(Stored items from a collection)
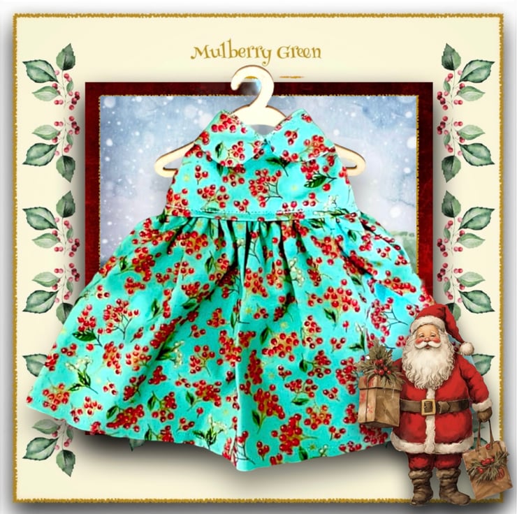 A lovely little turquoise dress in a berries print edged with gold, to fit the Mulberry Green characters. The dress is made from best quality cotton, has a full skirt and a lined bodice.
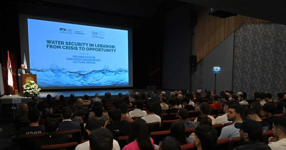 نظمت كلية الهندسة في الجامعة اللبنانية الاميركية (LAU) برعاية وحضور وزير الطاقة والمياه جو صدي، وضمن سلسلة ”محاضرات منير الخطيب الهندسية“ ندوة ”الامن المائي في لبنان: من الازمة الى الفرصة“. وحضر الى جانب الوزير كل من نائب رئيس مجلس الانماء والاعمار البر يوسف كرم، عائلة المهندس الراحل منير الخطيب، ممثلين عن شركة خطيب وعلمي، رئيس الجامعة شوقي عبدالله، عميد كلية الهندسة ميشال خوري وحشد من المهتمين بالقطاع والاساتذة وخريجي الكلية والطلاب.
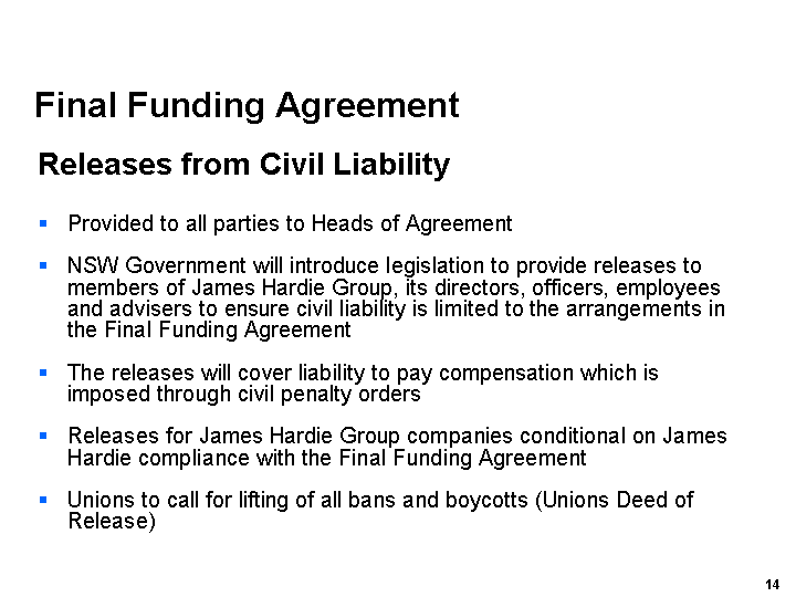 | Final Funding Agreement Releases from Civil Liability Provided to all parties to Heads of Agreement NSW Government will introduce legislation to provide releases to members of James Hardie Group, its directors, officers, employees and advisers to ensure civil liability is limited to the arrangements in the Final Funding Agreement The releases will cover liability to pay compensation which is imposed through civil penalty orders Releases for James Hardie Group companies conditional on James Hardie compliance with the Final Funding Agreement Unions to call for lifting of all bans and boycotts (Unions Deed of Release) |
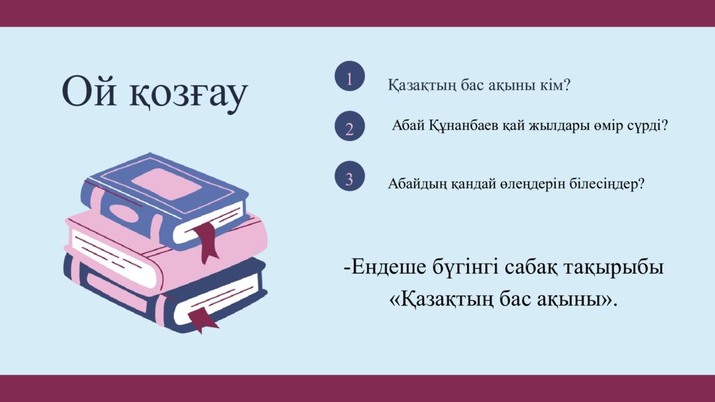 Қазақтың бас ақыны кім? 1 2 Абайдың қандай өлеңдерін білесіңдер ? 3 Ой қозғау Абай Құнанбаев қай жылдары өмір сүрді ? -Ендеше бүгінгі сабақ тақырыбы «Қазақтың бас ақыны».
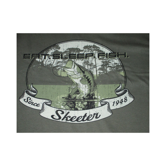 New Authentic Skeeter Short Sleeve T-Shirt Fatigue Green/ Front Bass with Eat Sleep Fish
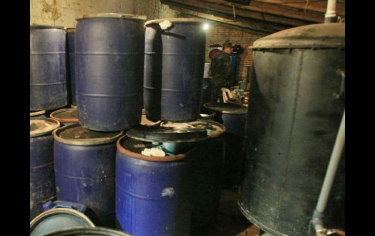 Jalisco | El inmueble fue localizado mediante una denuncia ciudadana Aseguran más de 16 toneladas de químicos en narcolaboratorio en Tapalpa Elementos del Ejército hallaron 16 toneladas de sustancias químicas en laboratorio clandestino con las que se producen drogas sintéticas Por: NTX 6 de mayo de 2011 - 12:21 hs Se aseguraron 15 mil 278 litros de sustancias químicas; 800 kilogramos de acido tartárico y 350 kilogramos de sosa caustica. ARCHIVO / ZAPOPAN, JALISCO (06/MAY/2011).- Elementos de la XV Zona Militar lograron asegurar más de 16 toneladas de sustancias químicas para la elaboración de droga sintética, ubicadas en un laboratorio clandestino en el municipio de Tapalpa. La Secretaría de la Defensa Nacional, por conducto de la 15/a. Zona Militar, informó que el decomiso fue posible en el marco de la aplicación de la Directiva para el Combate Integral al Narcotráfico y la aplicación de la Ley Federal de Armas de Fuego y Explosivos. Detalló que mediante la atención a una denuncia ciudadana los militares realizaron reconocimientos terrestres a inmediaciones del municipio de Tapalpa, localizando una construcción de madera, cubierta con laminas de cartón tipo cabaña. Del lugar emanaba un fuerte olor a químicos, por lo que procedieron la investigación encontrando en el interior tambos color azul y material utilizado para la elaboración de droga sintética. Se aseguraron 15 mil 278 litros de sustancias químicas; 800 Kilogramos de acido tartárico; y 350 Kilogramos de sosa caustica. Así como 94 tambos de plástico con capacidad de 200 litros; 53 tambos metálicos con capacidad de 200 litros; 13 ollas de acero de diferentes capacidades; 11 secadoras; tres cubetas de plástico con capacidad de 20 litros; dos vaporeras con capacidad de 20 litros; y dos bidones con capacidad de 19 litros. Con el aseguramiento de este laboratorio clandestino, suman 27 los que se han destruido en la jurisdicción de la 15/a. Z.M., durante el presente año, así como dos bodegas para almacenar sustancias químicas. Temas Seguridad Decomisos de droga en Jalisco Ejército Narcolaboratorio Lee También Detienen a asesino de joven en partido de futbol ¿Cuál era la relación entre el barco pirata hundido en Vallarta y Colón? Así estará Guadalajara por la tarde; ¿lloverá? Tras persecución policial, localizan 70 kilos de marihuana en Tuxpan Recibe las últimas noticias en tu e-mail Todo lo que necesitas saber para comenzar tu día Registrarse implica aceptar los Términos y Condiciones
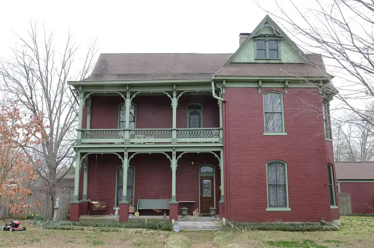 The James A. Rice House is a historic house at 204 Southeast Third Street in Bentonville, Arkansas. It is a -story brick structure, with tall arched windows and a bracketed cornice typical of the Italianate style. It has a two-story porch, asymmetrical massing, and a steeply pitched roof with cut-shingle gable finish typical of the Queen Anne style, which was in fashion when it was built c. 1879. Its builder and first owner was James A. Rice, a local lawyer who served two terms as mayor. Read more on Wikipedia

Exercise brief: Keep every word of the records above exactly, and return them with no pictures.

Exercise response:
 A lovely little turquoise dress in a berries print edged with gold, to fit the Mulberry Green characters. The dress is made from best quality cotton, has a full skirt and a lined bodice.
 نظمت كلية الهندسة في الجامعة اللبنانية الاميركية (LAU) برعاية وحضور وزير الطاقة والمياه جو صدي، وضمن سلسلة ”محاضرات منير الخطيب الهندسية“ ندوة ”الامن المائي في لبنان: من الازمة الى الفرصة“. وحضر الى جانب الوزير كل من نائب رئيس مجلس الانماء والاعمار البر يوسف كرم، عائلة المهندس الراحل منير الخطيب، ممثلين عن شركة خطيب وعلمي، رئيس الجامعة شوقي عبدالله، عميد كلية الهندسة ميشال خوري وحشد من المهتمين بالقطاع والاساتذة وخريجي الكلية والطلاب.
 | Final Funding Agreement Releases from Civil Liability Provided to all parties to Heads of Agreement NSW Government will introduce legislation to provide releases to members of James Hardie Group, its directors, officers, employees and advisers to ensure civil liability is limited to the arrangements in the Final Funding Agreement The releases will cover liability to pay compensation which is imposed through civil penalty orders Releases for James Hardie Group companies conditional on James Hardie compliance with the Final Funding Agreement Unions to call for lifting of all bans and boycotts (Unions Deed of Release) |
 Қазақтың бас ақыны кім? 1 2 Абайдың қандай өлеңдерін білесіңдер ? 3 Ой қозғау Абай Құнанбаев қай жылдары өмір сүрді ? -Ендеше бүгінгі сабақ тақырыбы «Қазақтың бас ақыны».
 New Authentic Skeeter Short Sleeve T-Shirt Fatigue Green/ Front Bass with Eat Sleep Fish
 Jalisco | El inmueble fue localizado mediante una denuncia ciudadana Aseguran más de 16 toneladas de químicos en narcolaboratorio en Tapalpa Elementos del Ejército hallaron 16 toneladas de sustancias químicas en laboratorio clandestino con las que se producen drogas sintéticas Por: NTX 6 de mayo de 2011 - 12:21 hs Se aseguraron 15 mil 278 litros de sustancias químicas; 800 kilogramos de acido tartárico y 350 kilogramos de sosa caustica. ARCHIVO / ZAPOPAN, JALISCO (06/MAY/2011).- Elementos de la XV Zona Militar lograron asegurar más de 16 toneladas de sustancias químicas para la elaboración de droga sintética, ubicadas en un laboratorio clandestino en el municipio de Tapalpa. La Secretaría de la Defensa Nacional, por conducto de la 15/a. Zona Militar, informó que el decomiso fue posible en el marco de la aplicación de la Directiva para el Combate Integral al Narcotráfico y la aplicación de la Ley Federal de Armas de Fuego y Explosivos. Detalló que mediante la atención a una denuncia ciudadana los militares realizaron reconocimientos terrestres a inmediaciones del municipio de Tapalpa, localizando una construcción de madera, cubierta con laminas de cartón tipo cabaña. Del lugar emanaba un fuerte olor a químicos, por lo que procedieron la investigación encontrando en el interior tambos color azul y material utilizado para la elaboración de droga sintética. Se aseguraron 15 mil 278 litros de sustancias químicas; 800 Kilogramos de acido tartárico; y 350 Kilogramos de sosa caustica. Así como 94 tambos de plástico con capacidad de 200 litros; 53 tambos metálicos con capacidad de 200 litros; 13 ollas de acero de diferentes capacidades; 11 secadoras; tres cubetas de plástico con capacidad de 20 litros; dos vaporeras con capacidad de 20 litros; y dos bidones con capacidad de 19 litros. Con el aseguramiento de este laboratorio clandestino, suman 27 los que se han destruido en la jurisdicción de la 15/a. Z.M., durante el presente año, así como dos bodegas para almacenar sustancias químicas. Temas Seguridad Decomisos de droga en Jalisco Ejército Narcolaboratorio Lee También Detienen a asesino de joven en partido de futbol ¿Cuál era la relación entre el barco pirata hundido en Vallarta y Colón? Así estará Guadalajara por la tarde; ¿lloverá? Tras persecución policial, localizan 70 kilos de marihuana en Tuxpan Recibe las últimas noticias en tu e-mail Todo lo que necesitas saber para comenzar tu día Registrarse implica aceptar los Términos y Condiciones
 The James A. Rice House is a historic house at 204 Southeast Third Street in Bentonville, Arkansas. It is a -story brick structure, with tall arched windows and a bracketed cornice typical of the Italianate style. It has a two-story porch, asymmetrical massing, and a steeply pitched roof with cut-shingle gable finish typical of the Queen Anne style, which was in fashion when it was built c. 1879. Its builder and first owner was James A. Rice, a local lawyer who served two terms as mayor. Read more on Wikipedia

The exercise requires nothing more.